Deux paires de pointes.
L'une avec des bandes oranges, l'autre avec des bandes vertes.
Car j'avais des soucis d'esthétique quand j'étais jeunette...
Quand j'allais courir tous les dimanche matin en forêt avec mon papa.

Il n'y avait que ces deux paires.
Il n'y avait pas les siennes.
Il n'avait gardé que les miennes.

J'ai couru pendant des années.
J'ai couru quand ce n'était pas encore la mode, quand il n'y avait que nous à sautiller dans la boue en culotte courte !
Quand j'étais trop petite et que je n'aimais pas ça.
Sauf qu'on était avec notre papa et que finalement si on aimait bien, zomozygote et moi aller "cavaler" avec papa.

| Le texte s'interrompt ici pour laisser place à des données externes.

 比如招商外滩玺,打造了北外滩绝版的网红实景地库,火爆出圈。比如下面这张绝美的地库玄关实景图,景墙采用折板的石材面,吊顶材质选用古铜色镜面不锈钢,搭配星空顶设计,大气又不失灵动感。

On a fait quelques compéte aussi.
J'ai en même fait beaucoup.
J'y crevais de trouille mais j'aimais ça quand même.
Surtout les cross.
J'adorais les cross rien que pour l'odeur de l'arnica qui se mêlait à celle du terreau frais.
Pour ces jambes crottées qu'on exhibait comme des blessures de guerre quand ce n'était pas nos joues ou nos scalps cochonnés qu'on arborait avec fierté !
Pour ces pointes dont on ignorait bientôt tout des couleurs mais que je choisissais toujours avec goût.
Tout le monde avait des bandes bleues.
Mais moi j'avais des bandes oranges ou des bandes vertes...

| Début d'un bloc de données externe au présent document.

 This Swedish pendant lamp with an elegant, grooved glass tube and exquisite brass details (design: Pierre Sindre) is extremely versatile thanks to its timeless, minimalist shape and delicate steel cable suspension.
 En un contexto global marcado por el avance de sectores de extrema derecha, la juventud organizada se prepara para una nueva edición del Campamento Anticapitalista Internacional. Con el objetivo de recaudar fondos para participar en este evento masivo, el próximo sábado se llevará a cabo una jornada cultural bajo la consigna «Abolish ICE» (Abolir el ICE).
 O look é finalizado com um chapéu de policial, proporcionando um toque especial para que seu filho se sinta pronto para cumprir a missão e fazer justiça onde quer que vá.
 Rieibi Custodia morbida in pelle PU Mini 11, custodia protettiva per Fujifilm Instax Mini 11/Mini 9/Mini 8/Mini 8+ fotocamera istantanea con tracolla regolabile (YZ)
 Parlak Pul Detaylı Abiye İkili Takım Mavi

Aujourd'hui, il y avait la course des remparts de Laon.
Tout le monde courait, sauf moi et Tarquinou. Et je trouvais cela parfait !
Mais ce matin, en me levant, il y avait une putain d'envie qui me taraudait.
Certains dormaient, d'autres se préparaient.
Moi j'ai été chausser de vieilles chaussures.
Parce que j'étais grandette mais encore jeunette quand j'enfilais mes jolies pointes qui à bandes oranges, qui à bandes vertes.
Et depuis toutes ces décennies, il y a belle lurette que je ne les chausse plus.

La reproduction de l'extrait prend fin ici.